🤖 AI Summary
Variational inference (VI) often fails to recover the true mean and covariance of target distributions exhibiting even or ellipsoidal symmetry—including partial coordinate symmetries—especially under f-divergences beyond KL divergence, where existing theoretical guarantees are limited to global symmetry assumptions.
Method: We generalize symmetry-based theoretical guarantees to the broad class of f-divergences and develop a unified analytical framework for location-scale variational families.

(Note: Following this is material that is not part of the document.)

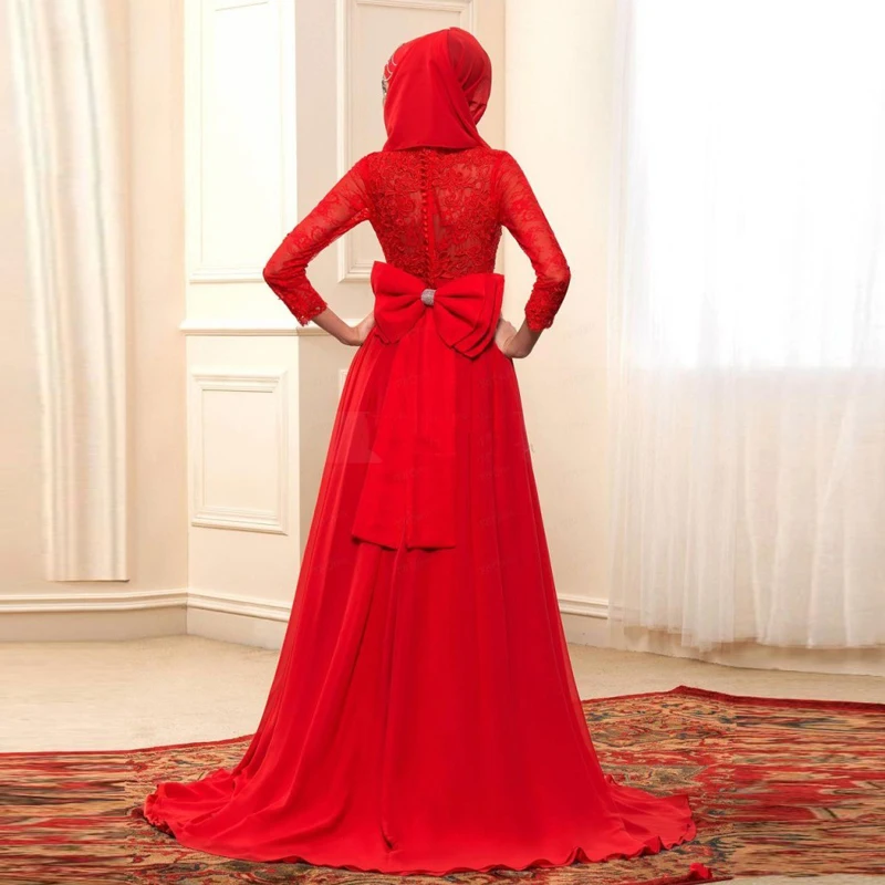 Arabic Muslim A Line Wedding Dresses Red Colour Long Sleeve High | Download

Contribution/Results: We prove that, provided the variational family respects the inherent symmetry of the target, VI yields unbiased estimates of the mean and covariance under a wide range of f-divergences—including those commonly used in practice. Notably, our result applies to hierarchical Bayesian models with structured, non-globally-symmetric posteriors—a setting where prior theory breaks down. Empirical evaluation on realistic hierarchical models confirms statistical consistency and robustness of the proposed approach across diverse f-divergences.
📝 Abstract
We extend several recent results providing symmetry-based guarantees for variational inference (VI) with location-scale families. VI approximates a target density~$p$ by the best match $q^*$ in a family $Q$ of tractable distributions that in general does not contain $p$. It is known that VI can recover key properties of $p$, such as its mean and correlation matrix, when $p$ and $Q$ exhibit certain symmetries and $q^*$ is found by minimizing the reverse Kullback-Leibler divergence. We extend these guarantees in two important directions. First, we provide symmetry-based guarantees for a broader family of divergences, highlighting the properties of variational objectives under which VI provably recovers the mean and correlation matrix. Second, we obtain further guarantees for VI when the target density $p$ exhibits even and elliptical symmetries in some but not all of its coordinates. These partial symmetries arise naturally in Bayesian hierarchical models, where the prior induces a challenging geometry but still possesses axes of symmetry. We illustrate these theoretical results in a number of experimental settings.